Dysfunction at remote first company

Anonymous
I’ve worked at a remote first company in consulting with a small physical office here in the DC area for almost 5 years, I joined during Covid. Don’t want to share lots of details out of respect for privacy but it’s tech adjacent, ~150 employees worldwide with about 20% of them being in DC. Also a very young team where most people are under 40 and single, I’m early 30s and married with a toddler and another on the way.

This was and sometimes still is a fun place to work and pays market rate but I’m over how our time isn’t used wisely and excessive meetings, plus happy hours that go way late once maybe twice per week that were basically required to attend if we don’t want to get laid off. Clients don’t attend these and it’s basically just going to a dive bar and drinking till late or playing on a kickball league. I totally get this might be fun when you’re 23 but I have a toddler at home and it breaks up your whole week. Were also in calls with a AI bot recording us all day, sometimes for 6-7 hours a day and they require us to have “prep calls” for client calls that are only 15 minutes long. There’s also constant lunch and learns, team bonding calls with 50+ people talking over each other, and excessive performance reviews. Company hasn’t done particularly well the last three years either from a financial standpoint.

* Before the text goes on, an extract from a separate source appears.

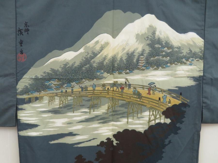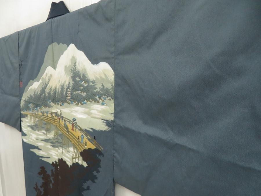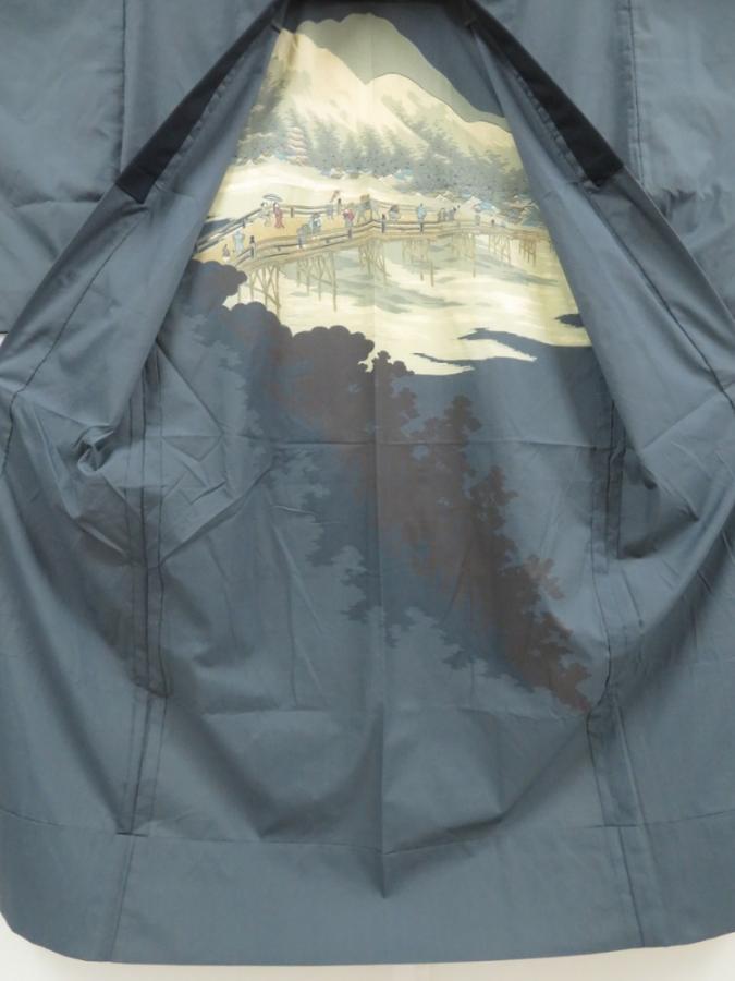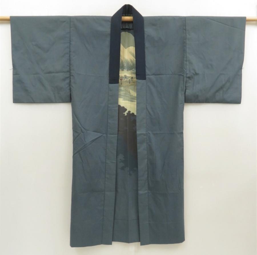 5719T05z400 Vintage Japanese Kimono Synthetic Men's JUBAN Edo era Blue-Gray

Don’t get me wrong this was a great place during the pandemic but I don’t think they realize people have lives outside of work and need their time used effectively. Doesn’t help that many of my peers entire social lives revolve around this company, so there’s a ton of inter office drama to navigate. I will eventually leave but need to get through this second baby first without getting laid off. Any tips on how to survive this?
Anonymous
I have a straw for you. Suck it the f up.
Anonymous
Yikes. For the happy hours, can’t you use your kid as an excuse to not attend? (e.g. I have to pickup Jane from daycare/get dinner started/take her to bed, etc). And then maybe just pop in, stay for half an hour and head out? Not sure what to tell you about the calls…I would start looking now for an exit regardless of the where your partner is in the pregnancy.
Anonymous
Please leave. I worked a small super hip start up where average age was 25 when I was 58. He had all sorts of fund things all the time. I did it for two years then moved on.

It is not my place to tell my young single co-workers who live near office and many even date each other and best friends work there they no longer can have Pizza Party Wed, Free Bagels Thursday morning, Thirsty Thursday Happy hour, our Annual xmas party, our offsite fun partes cause I am old and boring. I did it and enjoyed it and then moved on
Anonymous
That sounds exhausting OP!

(Sorry for the poster above you who apparently is devoid of sympathy)

I don’t have much advice because I would probably have gotten myself fired with being so overstimulated. But if they are a large company, they probably have to follow some legal guidelines. Is there a company policy you can refer to regarding job expectations?

Otherwise maybe if there is someone in management to talk to maybe to come to a compromise. Frame it as you want to make sure you are working at your best for the company and clients. If you feel they are approachable.

Brush up your CV, reach out to contacts, and find something with more balance. They obviously are having struggles - and it might be best to get out of the company before things get worse.
Anonymous
Pick some things. Go to the happy hours. Skip others.